Artists use technology for SE exhibit
by C L Collins, reporter
C:\Pixels, an art exhibit on SE Campus, showcases artists using digital media and/or technology-inspired subject matter.
The theme of showcased artwork centers on the use of digital imagery, computer design, scanned images and other technological twists to engage viewers visually, according to Derrick White, instructional associate and exhibit curator.
Marilyn Waligore, one of the featured artists, said, Digital photography, by extension, allows the mixing and merging of imagery in order to achieve a form that could never be realized in the studio.
The free exhibit is open to the public and will be displayed through April 6 in the SE Campus Art Corridor.
Gallery hours are 8 a.m.-9 p.m. Monday-Saturday. The Gallery will close for spring break next week.
During an artists lecture last week, Dwayne Carter, a professor at the University of Texas-Dallas (UTD), discussed the irony and satire in politics and society that influenced his art.
His six pieces include The Law Closed in on Edgar and She Tried to Free Her Man.
Carters first piece portrays a small girl pointing at a man in rock star clothing. Illustrating pedophilia, the accused man represents Michael Jackson and the scandal that engulfed him a few years ago.
The small girl depicts children photographed nude and used in child pornography.
Carters second work is aptly titled. He told about sitting in a laundromat watching a young woman with a very sullen expression fold clothes. He imagined that her husband had been called away on duty or had left for some reason.
On the news, he saw the same woman gunned down in an attempt to free her husband from police custody.
Using digital imagery, he placed a distraught woman among many grabbing hands with a tattoo of David Koresh as if to quote the we are okay; leave us alone here phrase Koresh spoke at the Branch Davidian compound.
Although Carter said he is not an angry artist, he has some pent up aggression over things amiss with society, but art is his way out.
Various art pieces on display are from Walter Presley, a University of North Texas May graduate who died Jan. 2.
Rob Erdle, UNT professor, discussed Presleys work.
Presleys Rise of the City uses optical plays of light and possesses a clearly defined sense of color, Erdle said.
The piece also uses geometrical shapes and computer-style imagery with acrylics.
In Esc, Presley displayed binary code running the length of the canvas.
Concerned with individuality in the techno-pop culture, Presley chose a CD cover and made it bright, Erdle said.
A piece by Prince Thomas from Lamar University in Beaumont, focuses on breaking down the stereotype that a real man is virile and unaided in his sexual performance.
Thomas artwork consists of computer-aided pictures of pills such as Viagra and Meridia followed by the long list of side effects, such as cancer.
Thomas said he had a confidential inside tip on all the side effects of enhancement medication for a seemingly virile male.

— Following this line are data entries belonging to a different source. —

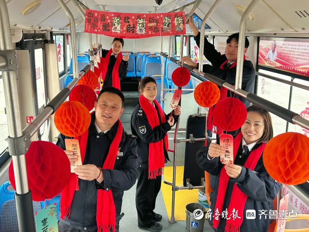 根据客流动态,烟台公交集团在火车站、毓璜顶庙会、植物园灯会等人流密集站点设立志愿服务岗,疏导车辆、引导候车、帮扶老幼群体,协同调度保障秩序。车厢内布置"喜迎新春""金马送福"主题装饰,悬挂灯笼福字营造节日氛围。驾驶员主动问候乘客,以细节提升出行幸福感。
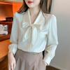 Fashion New 2024 Autumn Long Sleeve Bow Turn Down Collar Casual Apricot Chiffon Blouse Shirt Women Tops Blouses Shirts J540
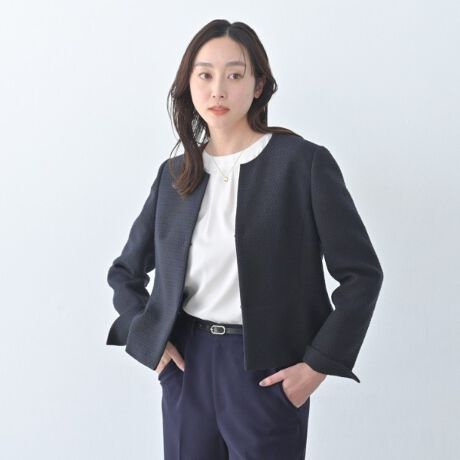 無地見えツイード素材の女性らしいペプラムジャケット。
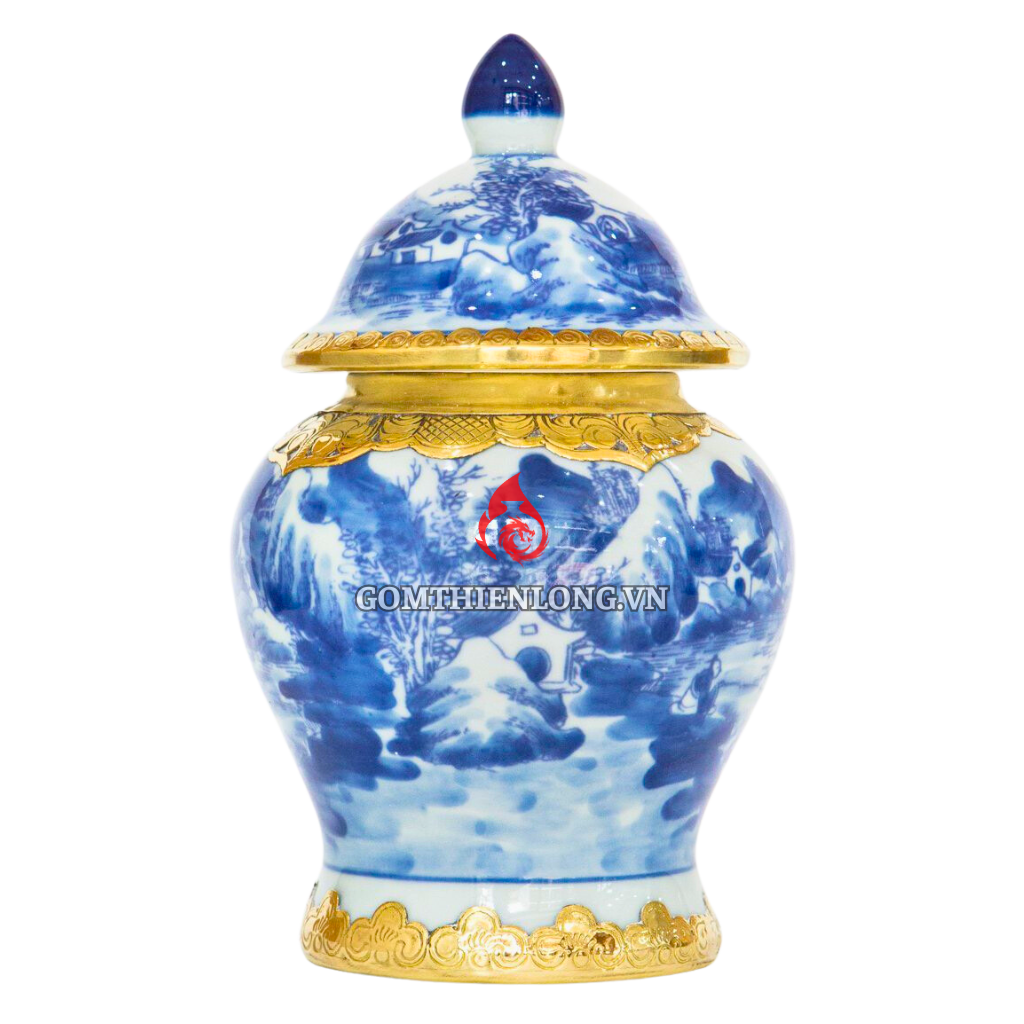 Ngoài ra, chóe thờ Bát Tràng men lam bọc đồng vẽ sơn thủy còn mang ý nghĩa phong thủy tốt đẹp. Theo quan niệm dân gian, sơn thủy là biểu tượng của sự hòa hợp giữa trời và đất, mang đến ý nghĩa bình an, may mắn và tài lộc cho gia chủ.

Waligore seeks to destroy the image of the perfect woman as depicted in magazines and on television.
For Witch Writer, she used gelatin silver print to make an image much like the hand advertisements on television, except these hands are overly wrinkled, scarred and toughened.
The nails on all 10 fingers are sharpened points of pencils.
Waligore said she placed witches in her images because they generally try to subvert domestic activity by using a broom as merely a mode of transportation.
Waligore named another design, Tarantella, after a dance that was used to promote hysteria. The picture shows avid motion and activity.
Reynaldo Thompson chose to base his two pieces on the beauty that can be possessed internally as opposed to obvious external beauty.
In order to accomplish his goal, Thompson took an X-ray of his skull and printed it onto white canvas.
Thompson later duplicated the image and smeared ink down it.
One skull represents splendor and harmony while the other shows that one can be ugly inside.
Column, his second piece, displays the magnificence of creation through the spinal cord of a newborn turned horizontally.
Works by Andrew Ortiz focus on nature and images affecting his life.
All artists said that collecting images for their ideas is a fun way to express those ideas.